After completing the setup steps above, you can run a DataRobot provider DAG in Airflow using the configuration JSON you assembled:

1. On the Airflow **DAGs** page, locate the DAG pipeline you want to run.

    ![](images/airflow-example-dags.png)

2. Click the run icon for that DAG and click **Trigger DAG w/ config**.

    ![](images/airflow-dag-trigger.png)

3. On the **DAG conf parameters** page, enter the JSON configuration data required by the DAG. In this example, the JSON you assembled in the previous step.

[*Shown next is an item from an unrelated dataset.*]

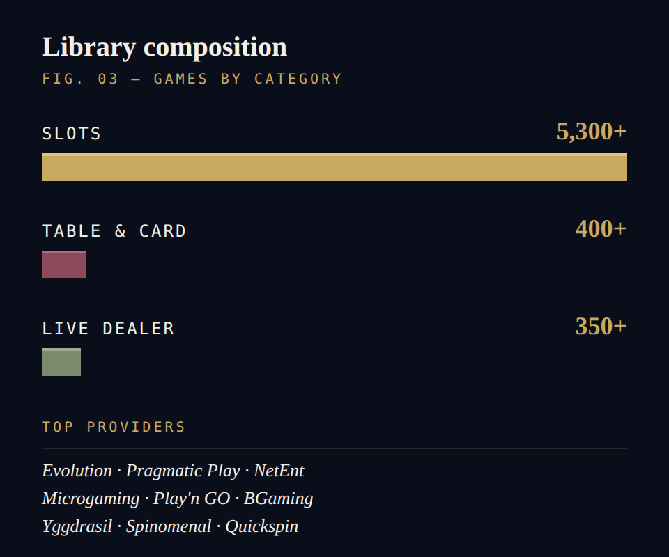 Library composition FIG. 03 — GAMES BY CATEGORY SLOTS 5,300+ TABLE & CARD GAMES 400+ LIVE DEALER 350+ PROVIDERS — Evolution · Pragmatic Play · NetEnt · Microgaming · Play'n GO · BGaming · Yggdrasil · Spinomenal

4. Select **Unpause DAG when triggered**, and then click **Trigger**. The DAG starts running:

    ![](images/airflow-datarobot-pipeline-dag.png)

!!! note
    While running Airflow in a Docker container (e.g., using the Astro CLI tool), expect the predictions file created inside the container. To make the predictions available in the host machine, specify the output location in the `include/` directory.